Caráter e liderança

Eis dois dos atributos do futuro presidente da República para tirar o País do lamaçal.

Luiz Felipe D'Ávila, O Estado de S.Paulo

22 de setembro de 2021 | 03h00

Montesquieu dizia que “a indiferença pelo bem comum é a causa da ruína das repúblicas”. Ruína que começa com a indiferença do presidente da República em honrar suas promessas ao povo brasileiro. Prometeu abrir a economia, privatizar estatais e aprovar reformas liberais para desidratar o Estado intervencionista que estrangula os brasileiros que trabalham e produzem riqueza, mas se rendeu à agenda do corporativismo que destrói a produtividade e a competitividade do Brasil e ainda criou mais estatais, como a ENBPar, que recebeu um aporte de R$ 4 bilhões dos cofres públicos.

Prometeu combater a “velha política” e a corrupção, mas se aliou ao Centrão, sepultou a Lava Jato, e pululam escândalos de superfaturamento de vacinas e de seus familiares. Por fim, Bolsonaro prometeu honrar os valores cristãos, mas na hora da pandemia demonstrou falta de misericórdia e de compaixão com milhares de brasileiros que padeceram da covid. Menosprezou a importância da vacina e repudiou o uso de máscara. Ademais, o presidente mostra-se indiferente aos reais problemas que afetam a vida dos brasileiros, como a queda da renda e o aumento do desemprego e da inflação, que vem encarecendo o preço do gás de cozinha, da carne, do arroz e feijão.

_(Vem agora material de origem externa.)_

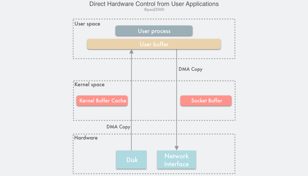 所以,这个过程之中,只进行了 2 次数据拷贝,如下图:

Evidentemente, o presidente da República culpa os infortúnios do seu governo à pandemia, à imprensa “esquerdista” e às decisões do Supremo Tribunal Federal e do Congresso. Essa visão infantil de que o problema está sempre nos outros revela sua incapacidade de reconhecer as incompetências política e administrativa do seu governo.

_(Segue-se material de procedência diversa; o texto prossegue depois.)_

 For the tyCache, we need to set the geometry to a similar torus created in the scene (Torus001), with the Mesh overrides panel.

A questão crucial é como atravessar o vale do desgoverno e das crises institucionais até a eleição de 2022. O Brasil tem hoje um caminho e dois desvios. O caminho é a construção de um plano de ação para defendermos a democracia e nos unirmos em torno de uma candidatura presidencial competitiva, capaz de vencer os dois desvios – Bolsonaro e Lula. O primeiro representa a maior ameaça à democracia desde o golpe militar de 1964; o segundo retrata a volta ao pesadelo do passado em que se semeou a desgraça do presente – o sectarismo político, a corrupção sistêmica que corroeu a credibilidade das instituições e a gênese do nefasto governo Dilma, que nos brindou com recessão econômica, 13 milhões de desempregados e a atuação irresponsável de um Estado intervencionista que debilitou a economia.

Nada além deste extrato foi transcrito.